### Required work:
Take the line containing "This page presents" through the last line of the data and retype those lines exactly. Pictures do not belong in the copy.

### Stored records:
((
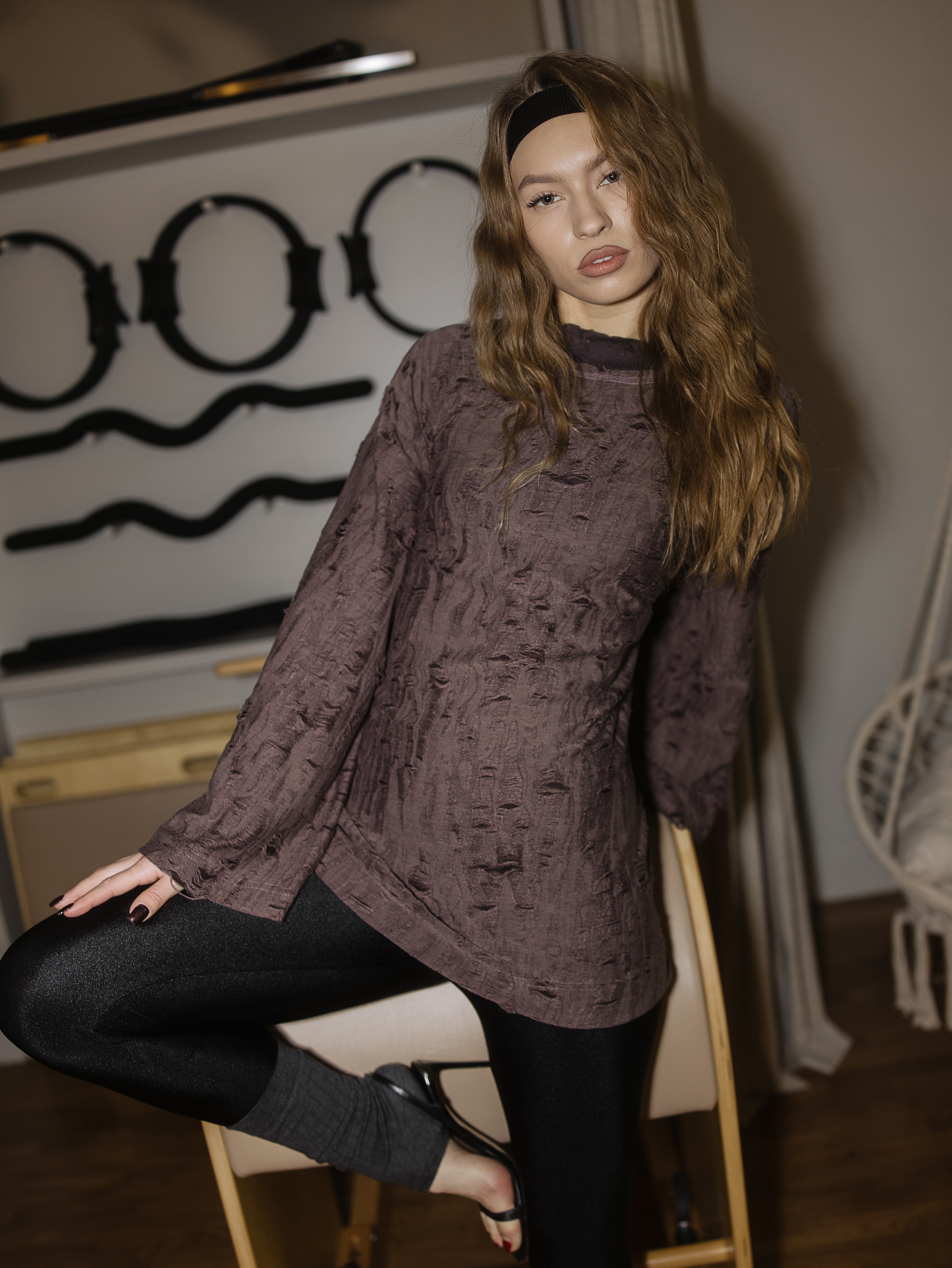 Платье TECHNO GIRL прямого силуэта, слегка расширенной к низу, без застежки, длиной до колена. Уникальный акцент платья — вставки поясов в боковые швы на уровне талии, которые имитируют рукава, создавая интересный визуальный эффект. Длинные втачные рукава, слегка расширенные книзу, добавляют образу нежности и легкости.
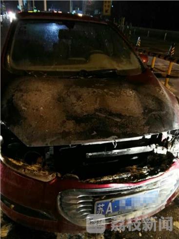昨天晚上18点50,一辆轿车刚刚出了沪宁高速汤山收费站的ETC通道20米,轿车引擎盖位置就开始冒烟。
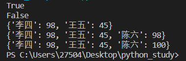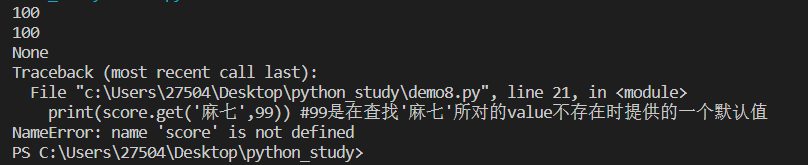 print(score.get('麻七',99)) #99是在查找'麻七'所对的value不存在时提供的一个默认值
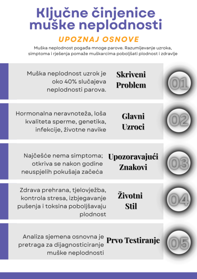 Iako se često misli da je neplodnost primarno ženski problem, statistike pokazuju da je muški faktor uzrok u otprilike 40 % svih slučajeva. Zbog toga je važno da se o muškoj plodnosti govori otvoreno i bez srama.
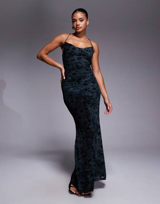 Princess Polly - Giorgiana - Vestito lungo con spalline sottili e scollo ad anello in rete verde e nero a fiori
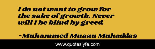This page presents the quote "I do not want to grow for the sake of growth. Never will I be blind by greed.". Author of this quote is Muhammed Muazu Mukaddas. This quote is about life-philosophy, sincerity, greed,.
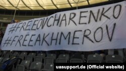 Уже десятки украинских футбольных матчей прошли под лозунгом «Свободу Овчаренко и Ахмерову». Своих в беде не бросают, говорят представители луганского ультрас-движения «Чорно-білі», которые опубликовали обращение к другим фан-движениям с просьбой поддержать их побратимов.
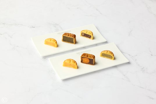 ミニ月餅(ティー セレクション)手摘みで作られた鳳凰単叢烏龍茶とジャスミン茶の風味のミニ月餅は、ペニンシュラのティーコレクションの最高峰です。淹れたてのお茶の香りが月餅の風味と調和し、繊細な職人技に浸る逸品です。鳳凰単叢烏龍茶は、オレンジの花の柑橘の香りと余韻のある甘さの絶妙なバランスが特徴。ジャスミン茶の芳香は柔らかく奥深い花のブーケを醸し出します。
))
### Exercise result:
This page presents the quote "I do not want to grow for the sake of growth. Never will I be blind by greed.". Author of this quote is Muhammed Muazu Mukaddas. This quote is about life-philosophy, sincerity, greed,.
 Уже десятки украинских футбольных матчей прошли под лозунгом «Свободу Овчаренко и Ахмерову». Своих в беде не бросают, говорят представители луганского ультрас-движения «Чорно-білі», которые опубликовали обращение к другим фан-движениям с просьбой поддержать их побратимов.
 ミニ月餅(ティー セレクション)手摘みで作られた鳳凰単叢烏龍茶とジャスミン茶の風味のミニ月餅は、ペニンシュラのティーコレクションの最高峰です。淹れたてのお茶の香りが月餅の風味と調和し、繊細な職人技に浸る逸品です。鳳凰単叢烏龍茶は、オレンジの花の柑橘の香りと余韻のある甘さの絶妙なバランスが特徴。ジャスミン茶の芳香は柔らかく奥深い花のブーケを醸し出します。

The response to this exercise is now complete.